“I’ll give you a good lesson to-morrow,” said Jo, “show you how to put a set of harness together. The big buckle under his forelegs and the two straps on the sides wrapped about the shafts were all that you should have opened.”

The harness showered down in dozens of little straps.

“I didn’t know there were so many straps in the world!” exclaimed Ben. “And look at Jerry over there. He is laughing at us, too.”

“We don’t get many city hicks out here, do we, Jerry?” Jo took a sly nudge as he rubbed the soft nose of the old horse, and Jerry opened his mouth in a wide bored yawn. “That’s the way to treat ’em,” said Jo. “Yawn again, a bigger one this time.”

The Seymours rushed through their supper, for they were eager to see the first real storm of the season beat against the cliffs. Fred had promised that there would be gorgeous sights, to-night and all day to-morrow, and they did not wish to miss a bit more than necessary.

Mr. Seymour was eager to see the color of sea and sky and rocks and the struggle of the wind against the water. Ben found the curling, twisting sea fascinating to watch as the wind closed down beyond the pond rocks. The gale seemed to have shut them into a wide semicircle, for the tops of the tallest pines far against the sunset were swaying and bending gently, while the house and the meadow still stood in the first soft yellow twilight where not a breath of air moved. It was early yet, for the Seymours had fallen into country ways and it was hardly six o’clock.

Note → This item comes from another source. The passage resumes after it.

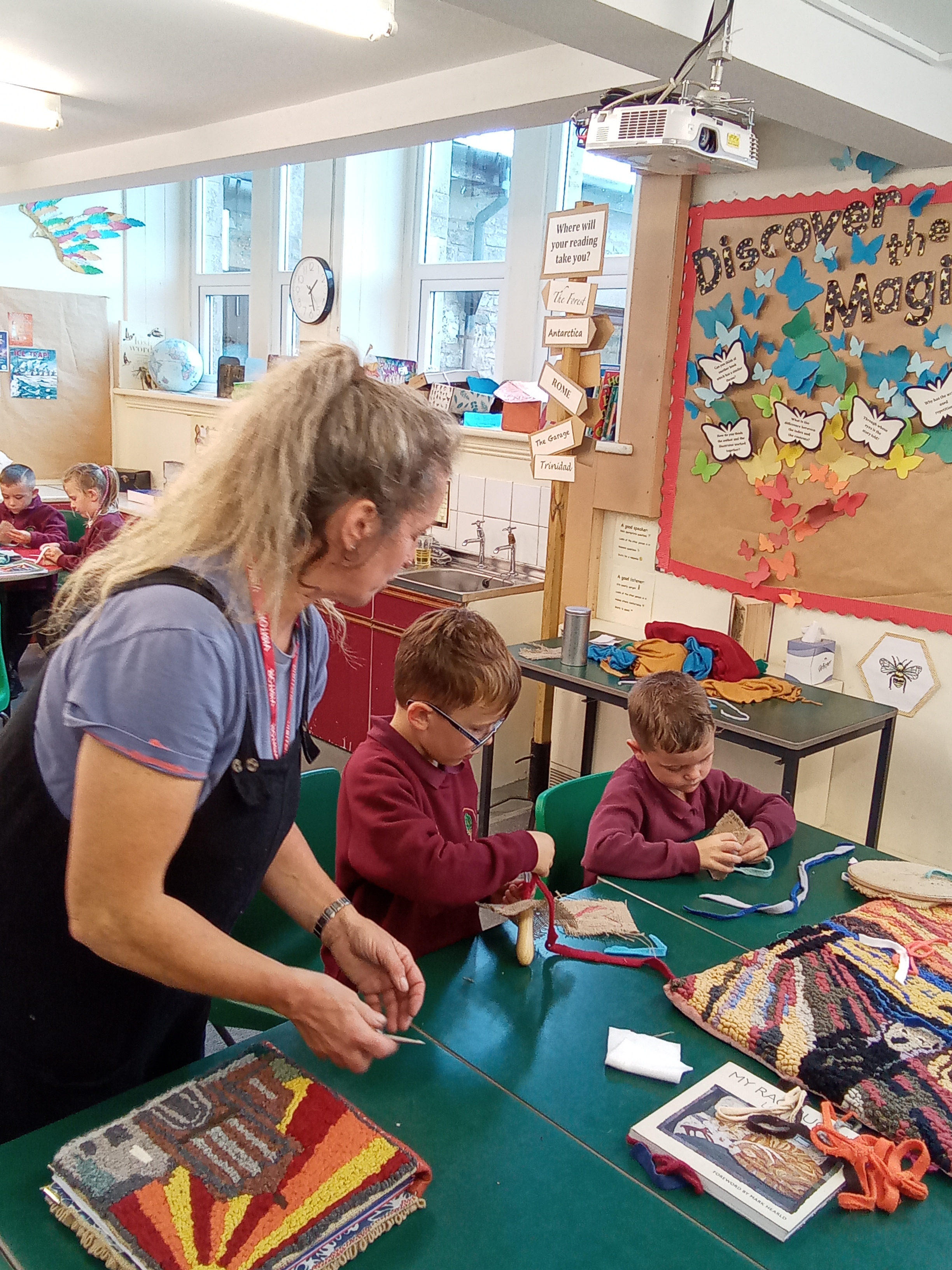 September 2025 - As part of 'The Vision and Values' week, the children worked with The Rag Tag workshop,Craft Shop Kendal | Ragtag Arts & Community Scrapstore learning how to rag rug. The rug will eventually portray the school logo, to display in school.

Jo joined the group as they stood watching the sea. He touched Ann lightly on the shoulder. “Come over here if you want to see the gulls now,” he said, and Ann went with him to the corner on the kitchen side of the house.

Ben followed, for he wished to see the birds. Anything that had movement interested him enormously, the flight of the gulls as well as the sweeping onward of the crested waves.